Equity FundsMutual Funds
A large percentage of individual investors already own or will buy equity based mutual funds. These funds invest almost completely in equities, but also invest, by requirement, in other instruments. Their redemption fund will be made up of cash and cash equivalent instruments, sometimes ultra-short term debts. But apart from their redemption fund, they own almost purely equities. If the fund is allowed to invest outside of its main classification, their prospectus will notify you of that privilege. You will also see it represented in the list of investments released in the fund’s annual informational documentation. Equity funds come in a wide variety of specializations and classifications. Some of these funds are divided based on locations they invest in, while others are divided based on their specifications.
General Equity Funds invest in equities across multiple industries and sectors in the markets. General funds divide among the three types of equity: growth equities, value equities, and income equities. These funds are categorized by their orientation towards growth, value, income, or a mix of these equity types. They are then ranked by their capitalization. Large capitalization funds specialize in large firms which are stable and have almost maximized their growth potential. Mid-capitalization funds specialize in firms that are less stable but have substantially more growth potential. Small capitalization funds specialize in highly risky young firms that have lots of room to grow.

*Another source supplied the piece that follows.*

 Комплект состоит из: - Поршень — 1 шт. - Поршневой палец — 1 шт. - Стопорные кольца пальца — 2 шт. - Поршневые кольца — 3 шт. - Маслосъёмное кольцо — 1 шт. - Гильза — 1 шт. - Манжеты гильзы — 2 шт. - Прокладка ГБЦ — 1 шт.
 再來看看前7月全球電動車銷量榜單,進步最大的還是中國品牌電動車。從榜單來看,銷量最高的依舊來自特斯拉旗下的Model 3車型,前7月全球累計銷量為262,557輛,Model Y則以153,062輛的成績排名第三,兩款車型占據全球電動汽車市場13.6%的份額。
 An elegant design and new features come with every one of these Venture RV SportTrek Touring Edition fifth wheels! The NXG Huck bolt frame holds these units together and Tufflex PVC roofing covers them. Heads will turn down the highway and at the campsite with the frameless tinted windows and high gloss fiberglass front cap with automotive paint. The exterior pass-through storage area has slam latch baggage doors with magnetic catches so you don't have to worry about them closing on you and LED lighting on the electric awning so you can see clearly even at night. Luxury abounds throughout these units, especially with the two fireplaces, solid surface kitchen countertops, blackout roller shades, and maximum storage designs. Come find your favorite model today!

Growth Equity Funds invest in growth equities. These shares have high potential for rapid capital appreciation. These funds focus on shares growing via revenue increases and reinvestment resulting in capital gains. This contains higher growth, but higher risk. A lot of things can go wrong when attempting to rapidly grow a company.

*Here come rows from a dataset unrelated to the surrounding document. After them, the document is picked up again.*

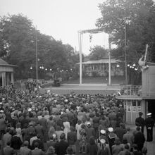 Affisch tryckt i rött, blått och svart med bild av ett ansikte, scen med männniskor på, Storbritanniens flagga samt text. På affischen står: Ivy Benson med sitt "Star Band". Sommarens största evenemang. Direkt från London. Gästkonserter 15-21 Juli. Obs! Endast dessa sju dagar. Tivoli Görna Lund.
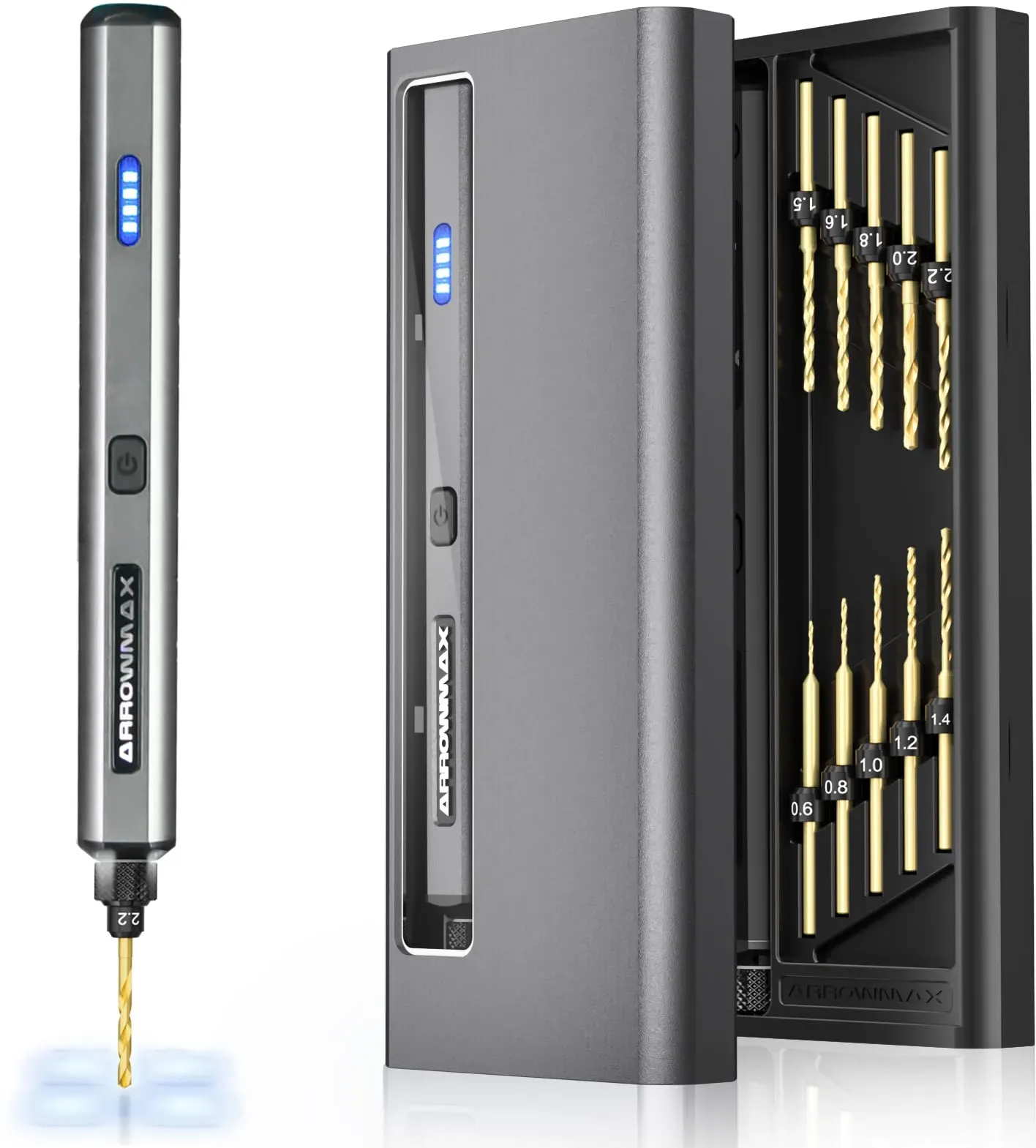 Kategorie: Zubehör für Elektrowerkzeug - Arrowmax - Vielseitiges Bohrer-Set: Das Präzisionsbohrer-Set enthält 10 größenmarkierte Bits von 0,6 mm bis 2,2 mm mit einem Schaft mit 2,35 mm Durchmesser. Geeignet zum Bohren verschiedener Materialien wie Kunststoff, Schale, Holz, Leder und mehr, ist es für Bohrbegeisterte geeignet. Der Wechsel des Bohrers ist ein Kinderspiel, ohne zusätzliches Werkzeug. Die Bohrer werden ordentlich in einem Aluminiumgehäuse aufbewahrt und mit Magneten für einfachen Zugang und Transport sicher an Ort und Stelle gehalten. Kompakt und leistungsstark Unsere Bohrmaschine im Taschenformat verfügt über einen 500-mAh-LiPo-Akku und ein komfortables Metallgehäuse, das sich gut in der Hand anfühlt. Mit einer Drehzahl von 600 U/min liefert er leistungsstarke Leistung und hohe Arbeitseffizienz. Entwickelt, um leicht und tragbar zu sein, ist es perfekt für Arbeiten in engen Räumen, wie zum Beispiel die Installation von Beleuchtung in Modellen. Sein ergonomisches Design sorgt für einen komfortablen Griff und eine einfache Handhabung. Einfache Ein-Knopf-Bedienung: Mit nur einer Taste bietet unser Mini-Bohrer eine intuitive Steuerung. Drücken Sie es einmal für die Drehung im Uhrzeigersinn, drücken Sie erneut gegen den Uhrzeigersinn, und drücken Sie ein drittes Mal, um den Bohrer auszuschalten. Sie müssen die Taste während des Betriebs nicht kontinuierlich halten, was den Komfort erhöht. Verbesserte Beleuchtung und Batterieanzeige: Unser Bohrer ist mit 4 ... Ein professionelles Brunnenbohrer-Set mit Plunscher, das sich für größere Projekte im Garten- und Landschaftsbau eignet. ![]() ![]() PWSAM Brunnenbohrer Brunnenbohrgerät Handbohrer Erdbohrer mit Plunscher Set komplett (10m 120mm Plunscher 90mm)
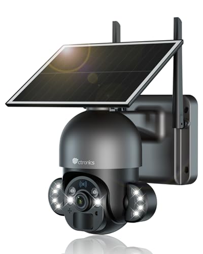 Ctronics Camera Exterieur sans Fil Solaire 6 W, 3K 5MP Caméras de Surveillance avec Détection PIR et Humaine, 10 Projecteurs LED & Vision Nocturne en Couleur, FTP, Compatible PC/Téléphone

Value Equity Funds focus on equities selling at discounts to their intrinsic value. They purchase shares below or close to intrinsic value, believing these shares are positioned to rapidly increase if the market realizes their true worth. These funds repeatedly attempt to capture value from mispriced securities. They also reduce risk by purchasing shares that are unlikely to collapse in price, since they are already below intrinsic value.
Income Equity Funds attempt to capture value by developing a portfolio based on cash payments. These funds focus on bonds paying steady interest payments and equities delivering high dividends. Fund managers will reinvest these earnings back into the fund, purchasing more stable firms which increase delivered income. They also send some of these dividends back to investors in the fund.
Index Equity Funds track a specific benchmark or index. They typically hold hundreds of firms that are directly related to the benchmark target. These are passive funds that don’t actively trade equity shares unless they are added or dropped from the target of emulation. If equities are already inside the index, they are purchased in equal proportion. If they are being added, they are added in the same proportion. They attempt to precisely track the index’s results.
Sector Equity Funds select a specific industry and invest heavily in equities (and bonds if a mixed fund) from that sector. Sector funds focus only on those investments. The management team should be very experienced with this industry or sector, and have knowledge of it inside and out. This will help to relieve some of the pressure created by the lack of investment diversification.
Domestic, Foreign, or Global Funds
Domestic Equity Funds are based in your home market. They specialize in domestic investments. Funds that only invest in nations or markets beyond your borders are labeled international or foreign funds. World or global funds invest anywhere in the world, domestic or foreign. Selecting funds which specifically target differing regions can help diversification. They may not completely eliminate overlaps, since large and mega corporations operate internationally, and sometimes have shares on foreign markets.